-- Opening Marker --

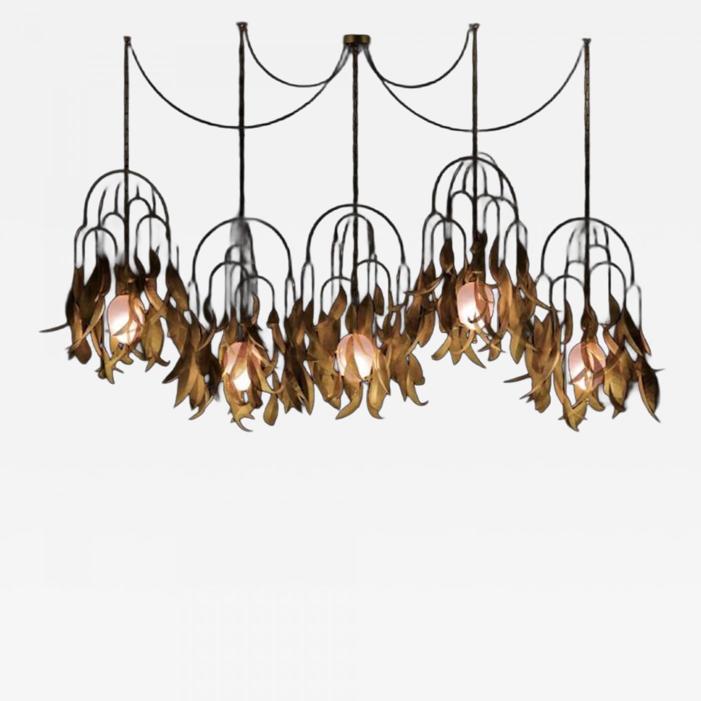 Introducing Saule, a striking lighting fixture inspired by the graceful beauty of the willow tree. Each piece is meticulously handcrafted in our Verchères studio by our talented team, ensuring every detail captures the essence of nature. With cascading, hand-formed brass leaves hanging from elegant metal arches, Saule reflects light like the shimmer of willow foliage gently swaying in the breeze. At the heart of the fixture rests a slightly pink glass globe, like a delicate fruit suspended within the tree's branches, emits a soft, warm glow that enhances the organic beauty of the design. The entire structure, reminiscent of a mobile, moves ever so slightly with the air, creating an ethereal, living quality that draws attention and adds a serene ambiance to any space. Available in configurations with one, three, or five individual Saule fixtures, this design offers versatile options to suit various interior needs, from a single statement piece to a breathtaking multi-fixture installation. Saule is not just a light—it's a handcrafted piece of art, designed to bring the elegance and tranquility of the natural world into your home.
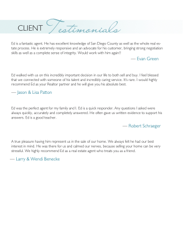 Ed is a fantastic agent. He has excellent knowledge of San Diego County as well as the whole real es- tate process. He is extremely responsive and an advocate for his customer, bringing strong negotiation skills as well as a complete sense of integrity. Would work with him again!!
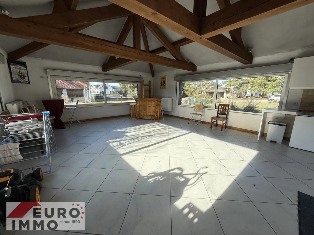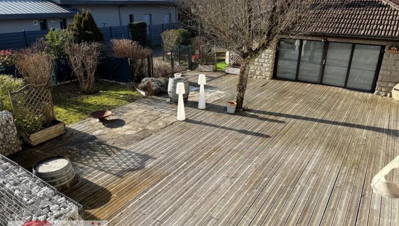 Die direkt vom Wohnbereich zugängliche Terrasse stellt einen der herausragenden Vorzüge dieser Immobilie dar. Mit 100 m² bietet sie außergewöhnlich viel Außenfläche und wird durch ein separates Nebengebäude ergänzt, das sich als Sommerküche, Spiel- oder Freizeitbereich nutzen lässt. Dieses Außenensemble ermöglicht es, die schönen Tage in einer grünen, privaten Umgebung voll auszukosten – ideal für Mahlzeiten im Freien, Empfänge sowie entspannte Stunden mit Familie und Freunden.
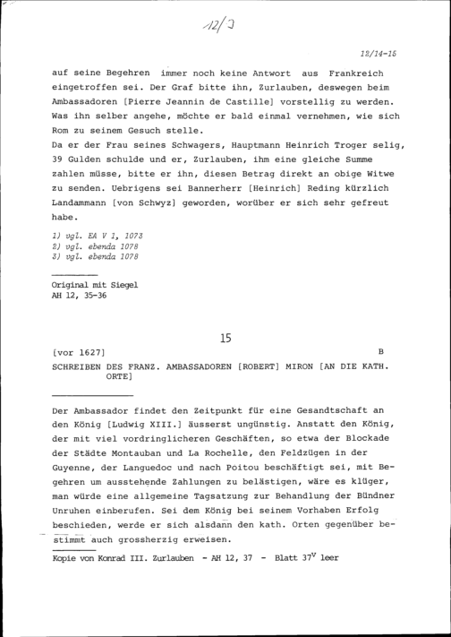 Schreiben von Georg Angeloch an Konrad III. Zurlauben, Zug
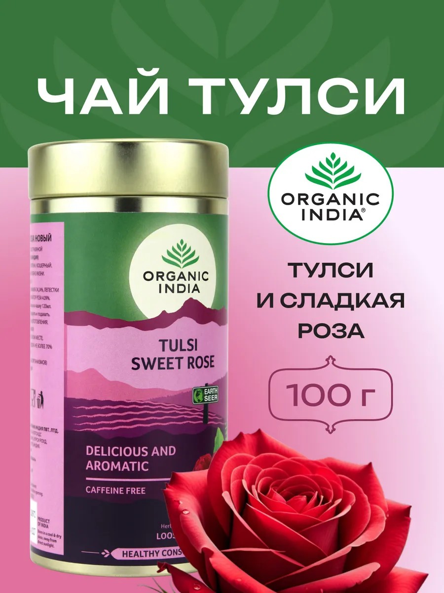Чай Organic India Tulsi Sweet Rose — это изысканный напиток, в котором гармонично переплетены полезные свойства священного базилика Тулси, сладкой розы и других натуральных ингредиентов. Индийский чай состоит исключительно из 100% органических компонентов, что обеспечивает его высокое качество и безупречный вкус.
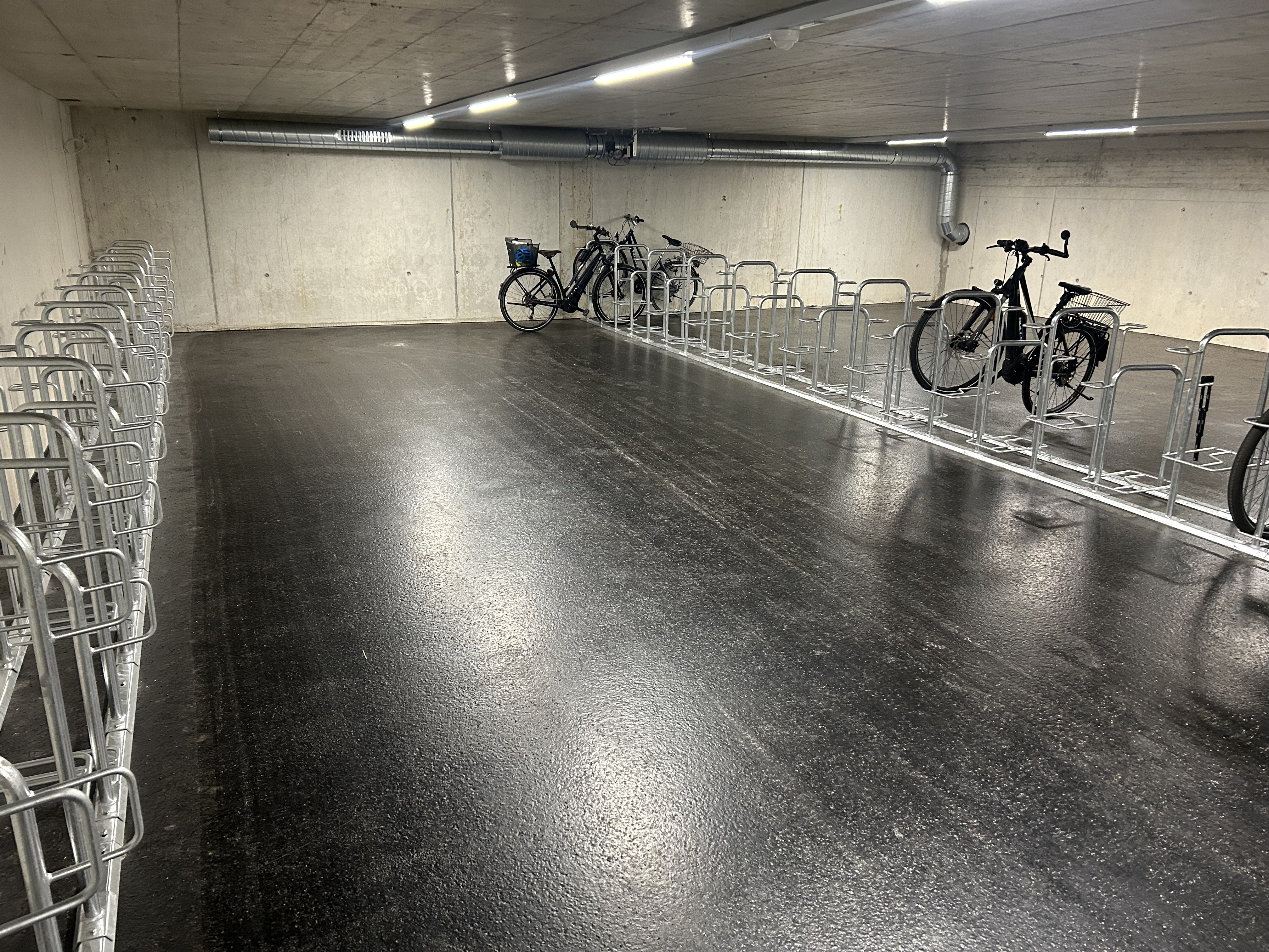 | Ausgeführte Arbeiten Einbau der Schutz- und Deckschicht von Hand Oberfläche Veloparking: leicht abgesplittet mit bit. Splitt 2/4 Oberfläche Innenhöfe, Eingänge: geschliffen Heissvergussfugen |

-- Closing Marker --

From the entries above, copy exactly the lines starting at the one with "Ed is a fantastic" and stopping at the one with "Schreiben von Georg", keeping both ends. Drop the pictures.

 Ed is a fantastic agent. He has excellent knowledge of San Diego County as well as the whole real es- tate process. He is extremely responsive and an advocate for his customer, bringing strong negotiation skills as well as a complete sense of integrity. Would work with him again!!
 Die direkt vom Wohnbereich zugängliche Terrasse stellt einen der herausragenden Vorzüge dieser Immobilie dar. Mit 100 m² bietet sie außergewöhnlich viel Außenfläche und wird durch ein separates Nebengebäude ergänzt, das sich als Sommerküche, Spiel- oder Freizeitbereich nutzen lässt. Dieses Außenensemble ermöglicht es, die schönen Tage in einer grünen, privaten Umgebung voll auszukosten – ideal für Mahlzeiten im Freien, Empfänge sowie entspannte Stunden mit Familie und Freunden.
 Schreiben von Georg Angeloch an Konrad III. Zurlauben, Zug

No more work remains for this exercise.